[Task statement] Word for word, restate all the records; images are not part of the copy.

[Material for this task]
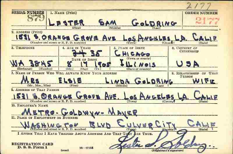 Notes for LESTER "LESLIE" SAM GOLDRING:
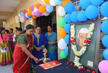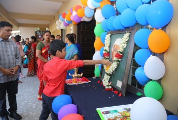 On 14th November, 2019 a special assembly programme was organized which started with a prayer song. The portrait of Jawharlal Nehru was garlanded by the Founder and Chairman and offered his tributes. The Principal, Ms. Nafeesa Begum and Smt. Indumalini, the Headmistress offered floral tributes. Speaking on the occasion the Founder and Chairman said that he strongly believes in the statement that, ‘Tomorrow’s World is built in the class room today.’ He asked the parents to recognize their child’s potential.
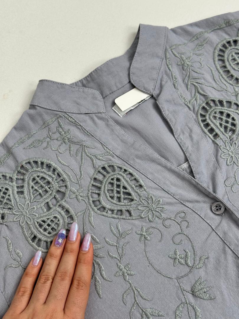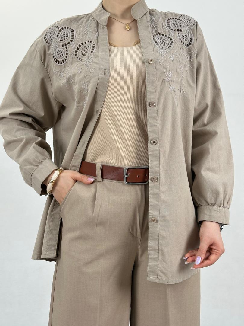 ویژگیهای این محصول شامل: - پارچه: لینن شسته شده، بسیار سبک و خنک. - گلدوزی: روی جلوی کار با ظرافت و زیبایی چشمگیر. - فری سایز: مناسب سایز 36تا44. - آستین: دارای مچ با تک دکمه (مدل شومیز). - طراحی پشت: دارای پیله برای راحتی و استایل منحصر به فرد.
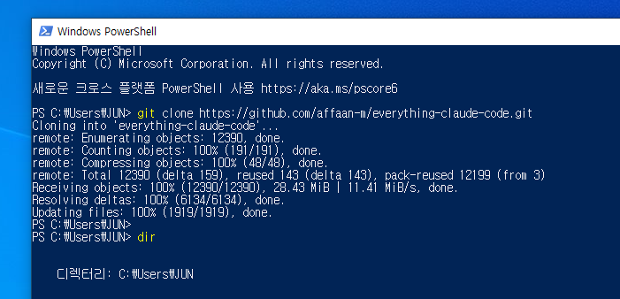 - 폴더 이동: cd everything-claude-code
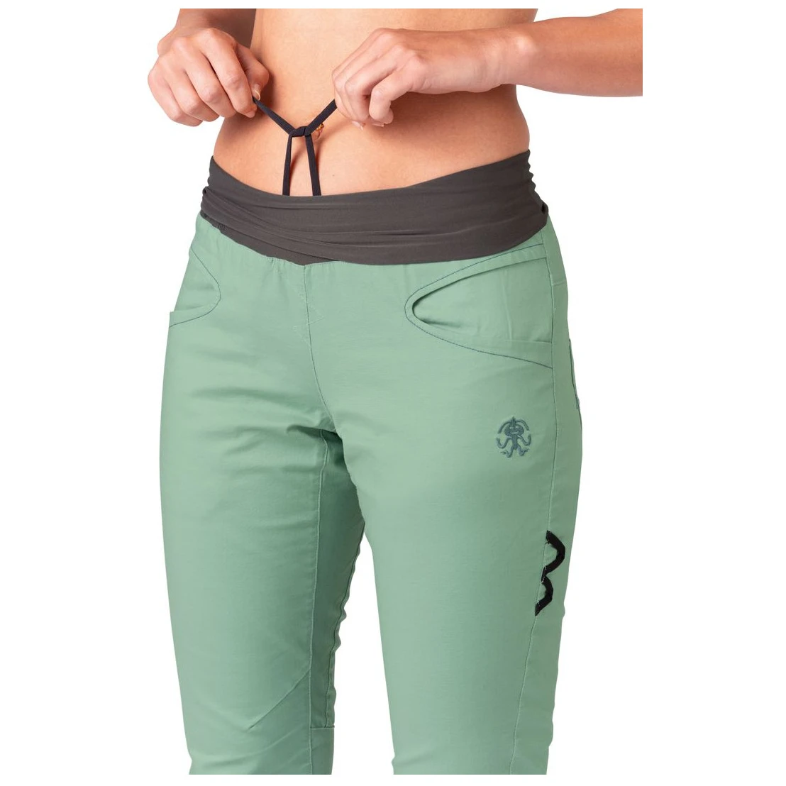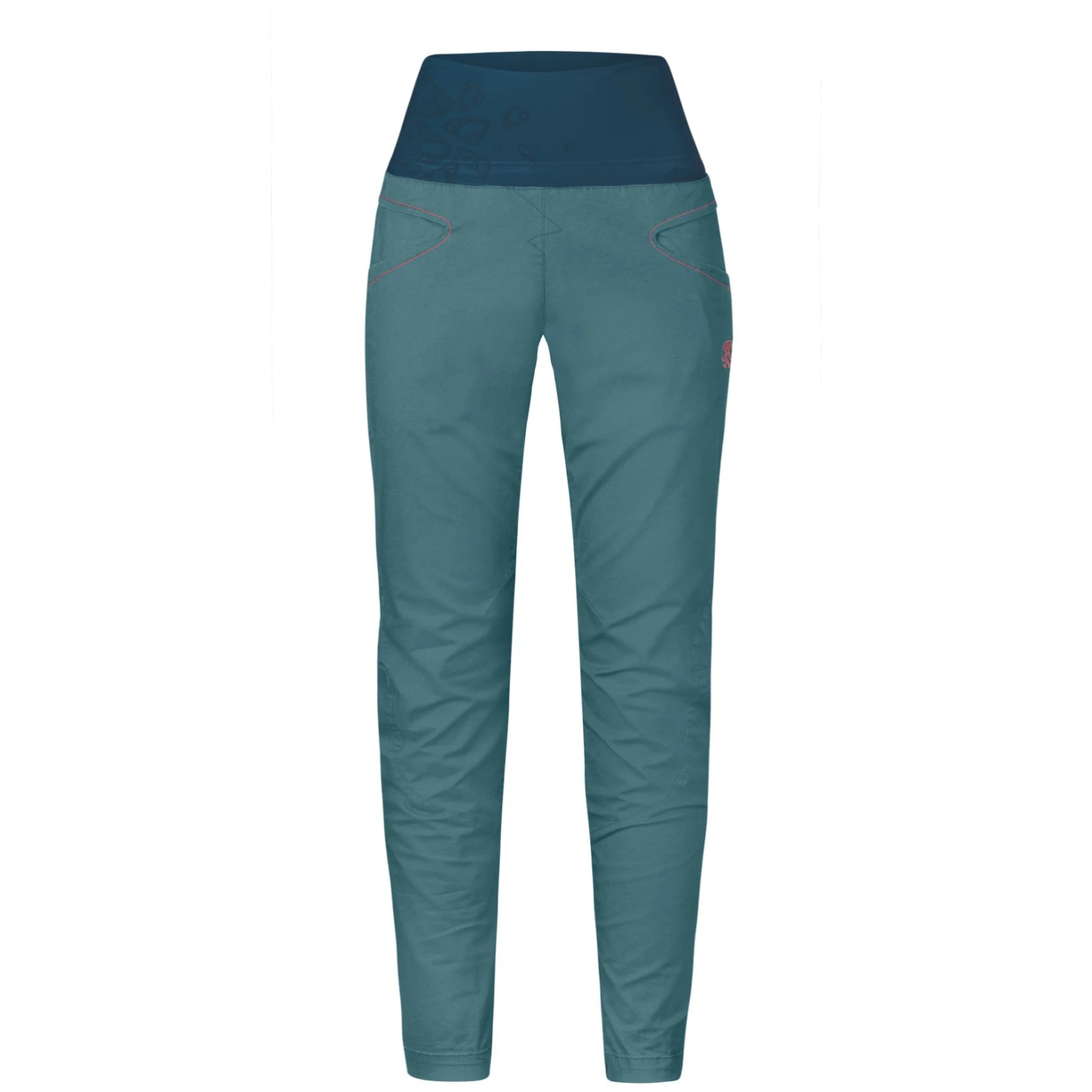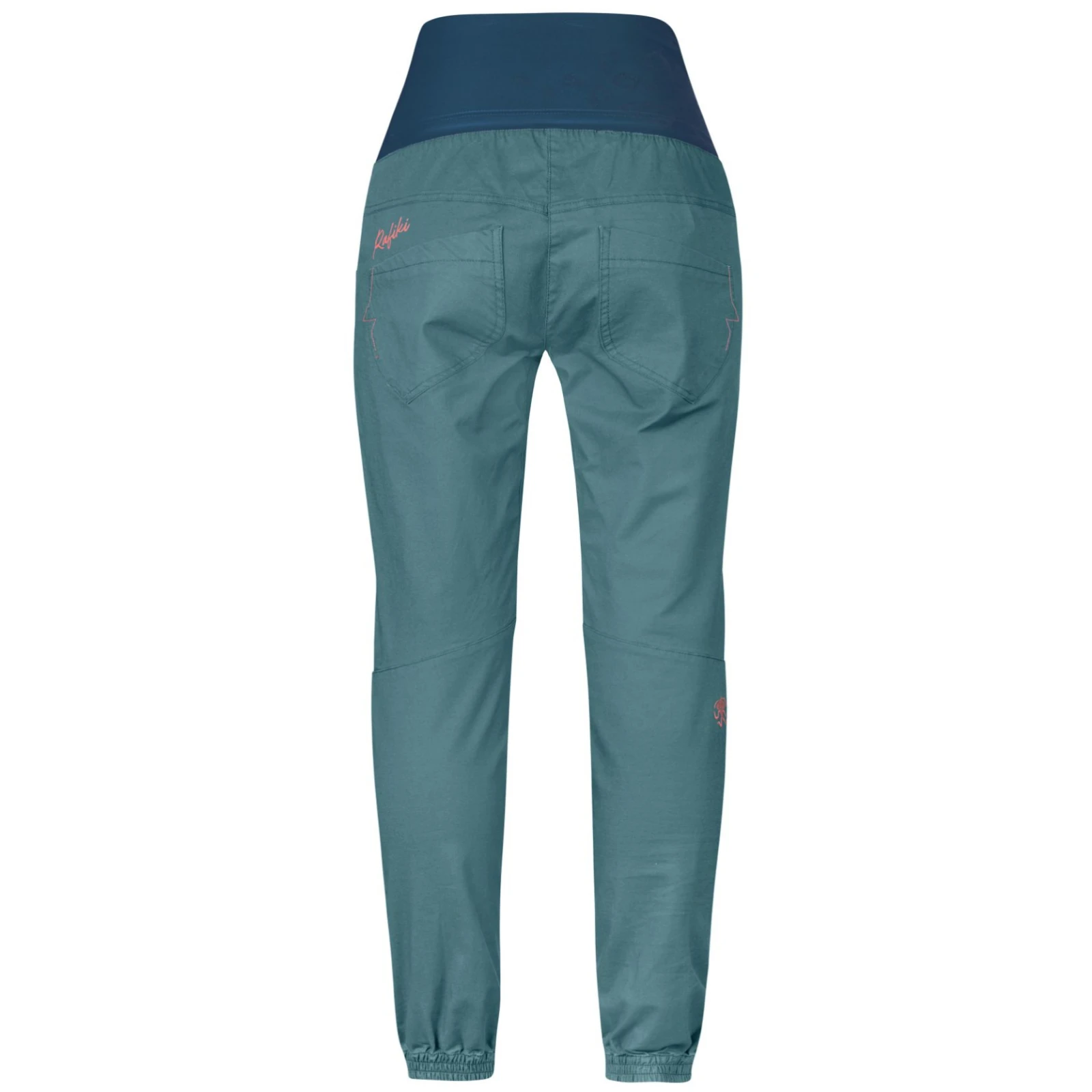 Acești pantaloni de alpinism pentru femei cu un aspect mai civil sunt respirabili și rezistenți. Tăietura conică este, de asemenea, confortabilă datorită materialului elastic. Massone de la Rafiki sunt perfecte pentru alpinism. Există o manșetă largă și confortabilă în talie, un burduf adaptat, genunchi conturați sau pantaloni care sunt trași înapoi cu elastic pentru a-i menține mult deasupra gleznei. Ce ai putea cere mai mult pe stânci sau pentru bouldering. Buclele pentru o periuță de dinți mică sau mare sunt, de asemenea, o caracteristică atractivă.

[Response box]
 Notes for LESTER "LESLIE" SAM GOLDRING:
 On 14th November, 2019 a special assembly programme was organized which started with a prayer song. The portrait of Jawharlal Nehru was garlanded by the Founder and Chairman and offered his tributes. The Principal, Ms. Nafeesa Begum and Smt. Indumalini, the Headmistress offered floral tributes. Speaking on the occasion the Founder and Chairman said that he strongly believes in the statement that, ‘Tomorrow’s World is built in the class room today.’ He asked the parents to recognize their child’s potential.
 ویژگیهای این محصول شامل: - پارچه: لینن شسته شده، بسیار سبک و خنک. - گلدوزی: روی جلوی کار با ظرافت و زیبایی چشمگیر. - فری سایز: مناسب سایز 36تا44. - آستین: دارای مچ با تک دکمه (مدل شومیز). - طراحی پشت: دارای پیله برای راحتی و استایل منحصر به فرد.
 - 폴더 이동: cd everything-claude-code
 Acești pantaloni de alpinism pentru femei cu un aspect mai civil sunt respirabili și rezistenți. Tăietura conică este, de asemenea, confortabilă datorită materialului elastic. Massone de la Rafiki sunt perfecte pentru alpinism. Există o manșetă largă și confortabilă în talie, un burduf adaptat, genunchi conturați sau pantaloni care sunt trași înapoi cu elastic pentru a-i menține mult deasupra gleznei. Ce ai putea cere mai mult pe stânci sau pentru bouldering. Buclele pentru o periuță de dinți mică sau mare sunt, de asemenea, o caracteristică atractivă.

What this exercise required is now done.